Once you’re comfortable with the template, copy the ones you want to play with, add them to your child theme and grab your hammer. Just comment PHP code out or take it out altogether. Look at the site and see what happened. If you’re site suddenly goes blank, then just hit the undo key. The good thing about working with a child theme is that, if you get into trouble, the parent theme is still intact, so you can just go and grab the original copy and start over.

As a web designer, I shouldn’t have to remind you that you’ll need to set up a play area. You probably want to have your text editor and work on your local machine or set up a dummy sit on your hosting provider.

Tips and Tricks

Once you’ve moved things around, you might get stuck. WordPress has put a few tools in place for you to use. You will notice in your header.php that the <body> tag has a function in it called body_class(). This function generates a string of information including the name of the template used. If you’ve ever wondered why a certain change isn’t sticking and you’re not sure what template is being called, just look at the HTML source and look for the template name in the body tag.

Take the time to learn how to use Firebug or the Chrome developer tools. Both are very handy tools that will help you make edits and small changes to your theme. Have a look at Siobhan’s excellent tutorial on how to use Firebug or check out Devin’s video about Chrome’s developer tools.

CSS is both fantastic and frustrating. Sometimes getting it to do what you want is so tedious. The first thing I do when debugging CSS is add background colors to the area I’m working. These boxes of colors are great visual indicators and give you immediate clues as to what’s going on.

Finally if you ever get stuck, don’t forget the WordPress forum. We’ve all been there and most likely made the same mistake you are making now. If you post your question on the forum, we might be able to help, just make sure you read Andrea’s tips first. Following her advice will increase your chance of success exponentially.

Comments

  1. Kevin Fukawa says

    Hi Christine – I was at the meeting too.

    For beginners looking to experiment with WordPress locally (i.e. on their own computer), I would recommend trying Instant WordPress which can be found here: http://www.instantwp.com – it’s free, and will allow you to setup a local version of WordPress without having to install and configure your own server software.

    I’d also recommend that beginners start their experimenting on the default theme that comes with WordPress. While there are thousands of free and premium themes to choose from, it’s probably a good idea to start with a solid theme built by the same team who created WordPress.

    • says

      Hi Kevin,
      Thanks for the tip. I haven’t looked at instant WordPress, but I’ll check it out.
      You’re absolutely right about looking at the default theme.

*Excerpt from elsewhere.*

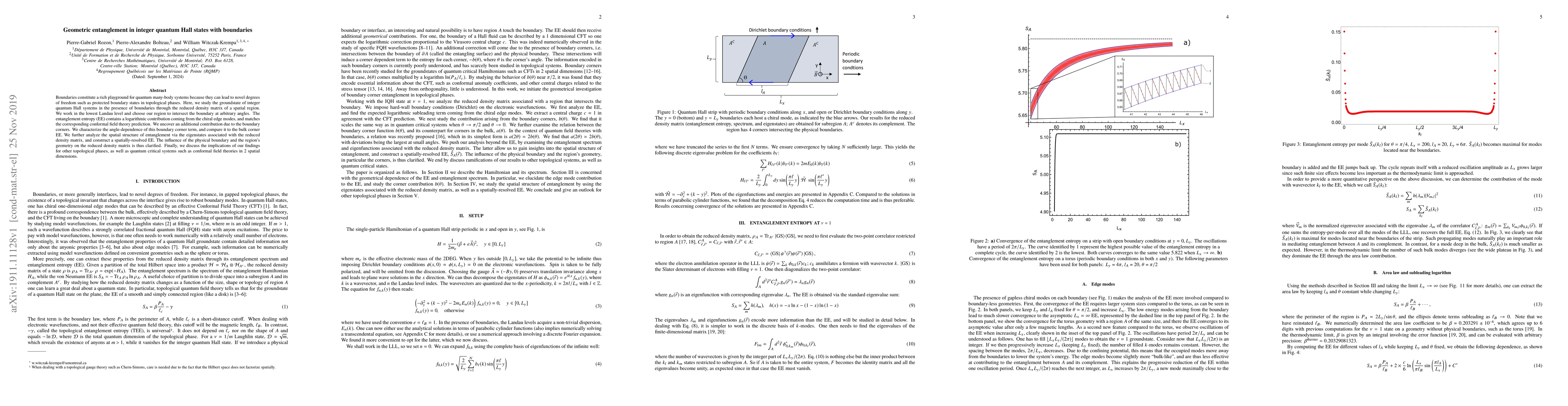 This paper investigates the entanglement entropy in the ground state of integer quantum Hall systems with boundaries, revealing a logarithmic contribution from chiral edge modes and a novel angle-dependent contribution from boundary corners. The study elucidates the spatial structure of entanglement and its dependence on the geometry of the region and the physical boundary.

I’ve learned tons from both Twenty Ten and Twenty Eleven and still refer to them quite often.

  2. says

    I think this isn’t so much about design though about development, the use of the term web designer is a little confusing as a result unfortunately.

    There is a lot more design wise that also needs to be taken into consideration when moving from html to WordPress. It’s a different platform to a static site and really needs to be designed with that in mind. This need gets more and more then more in depth you go into CMS or by adding plugins such as BuddyPress.

    Personally, I always would suggest someone starts from the point of WordPress when starting out. Step one I always recommend is look at the theme that ships with WordPress. You probably could switch that around now for http://underscores.me/. I still remember my Kubrick exploring days fondly :).

    I’m fairly anti fitting a solution from something else into a different box without looking at how it’s formed. You do tend to unfortunately get weaker designs that way. This is why I’d always suggest to other designers to know the system you are designing for.

    Another great learning tool can be to go right back and look at wireframes – explore the common elements of a WordPress site (there are many). Break it down, see how you can use each. Then when you do your design it will play to the strengths of the platform you’re using. I do say platform in the loose sense meaning WordPress.